The three networks underestimated the NS uptake in some central WM areas (Fig. 2 top) however without having a possible impact on the Aβ quantification in the GM. Additional analyses were conducted to understand the cause (see Supplementary Fig. 4). They revealed that the training dataset contained mostly PET scans with low NS binding (SUVr below 2), while most of the unseen scans exhibit higher NS binding. The reason behind this difference in NS binding in these central areas between training and unseen Aβ-PET scans is still unclear and will require further investigations. The limited number of training scans may partially explain this inhomogeneous repartition. The small sample size of the whole cohort (n = 172) definitively constitutes a limitation of this study. The training dataset was built using the 40 scans with the lowest amyloid levels. Increasing this number would expose the networks during the training phase with scans with higher specific amyloid uptakes. Inter-subject variations of the level of specific binding are unpredictable from the structural MRI. We suppose that in order to minimize the RMSE, networks such as ScaleNet produce estimates with a small positive offset that is constant across subjects and which corresponds to the average specific uptake across training data. This may explain why ScaleNet overestimates the NS in the reference region as this region does not contain specific uptake. Further investigations need to be done, however, if this compensation mechanism is demonstrated; this mean offset could be deduced using estimated NS uptakes in the reference region and removed globally from the NS estimates.
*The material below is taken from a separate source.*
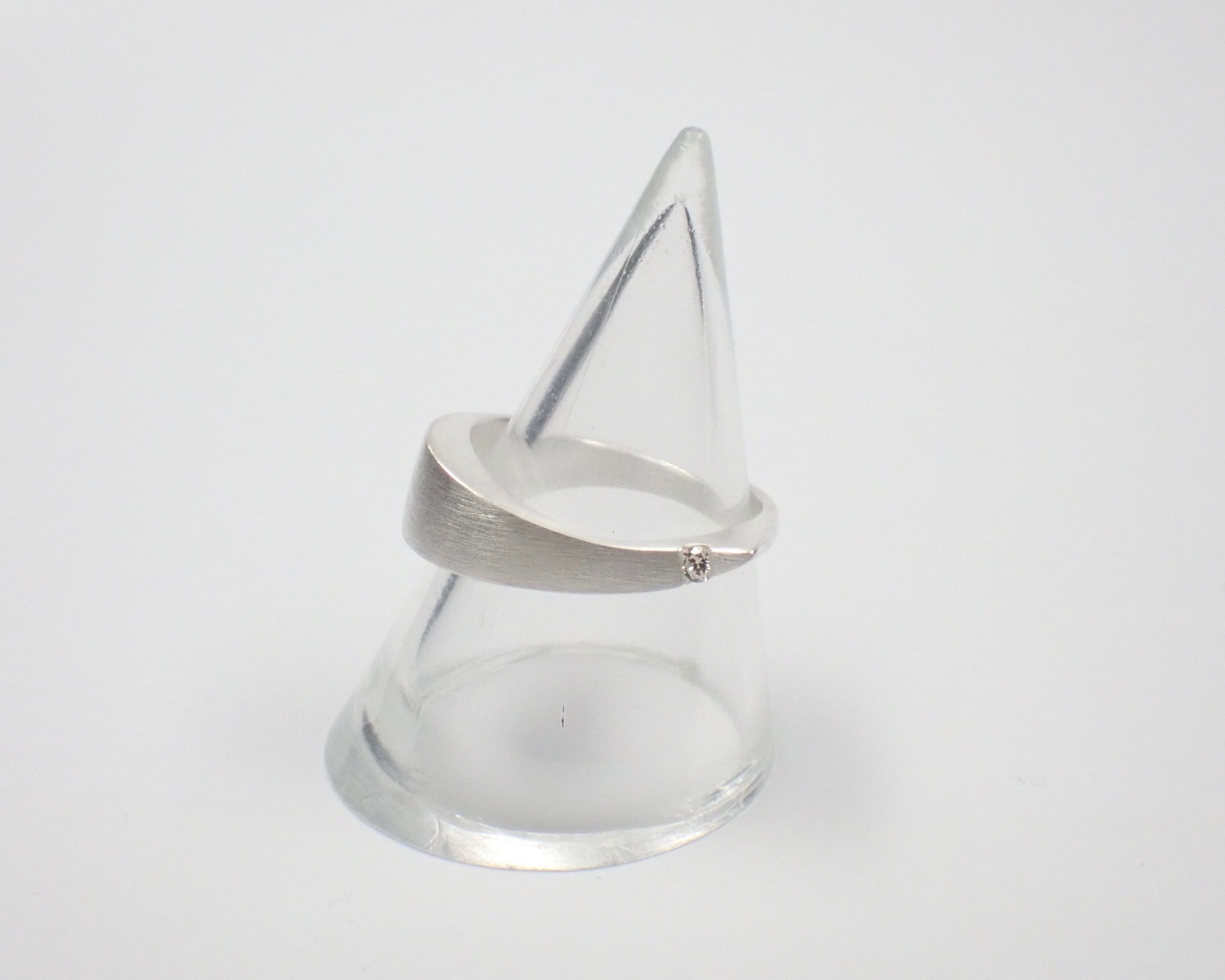 リングの太さと天然ダイヤで強弱をつけ、シンプルながらも個性的なデザインに仕上がっています。

Finally, Aβ-PET radiotracers, such as [¹⁸F]Amyvid, [¹⁸F]Neuraceq, [¹⁸F]Vizamyl, [¹⁸F]Flutafluranol, and [¹¹C]PiB, are known to differ from each other by their levels of NS and specific binding, making direct quantitative comparisons impossible. Removing the NS binding using networks specifically trained for each of these tracers and then normalizing the resulting specific images to a common scale (i.e., 0%–100%) could pave the way for optimal data harmonization in multicenter studies using various Aβ-PET tracers.

In conclusion, removing the undesirable NS uptake from the Aβ load measurement is possible using deep learning networks and substantially improves its accuracy. Multimodal ScaleNet outperformed other networks in predicting the NS content in cortical GM with a MRE below 2%. Compared to SUVr, the resulting Aβ load measurements with SAβ_L showed increases of up to 67% in its association with cognitive and functional test scores. This novel analysis approach paves the way for improved statistical analysis, data modeling, and data harmonization in AD, especially with CeVD with mixed pathological changes, and potentially for other neurodegenerative diseases that utilize PET imaging.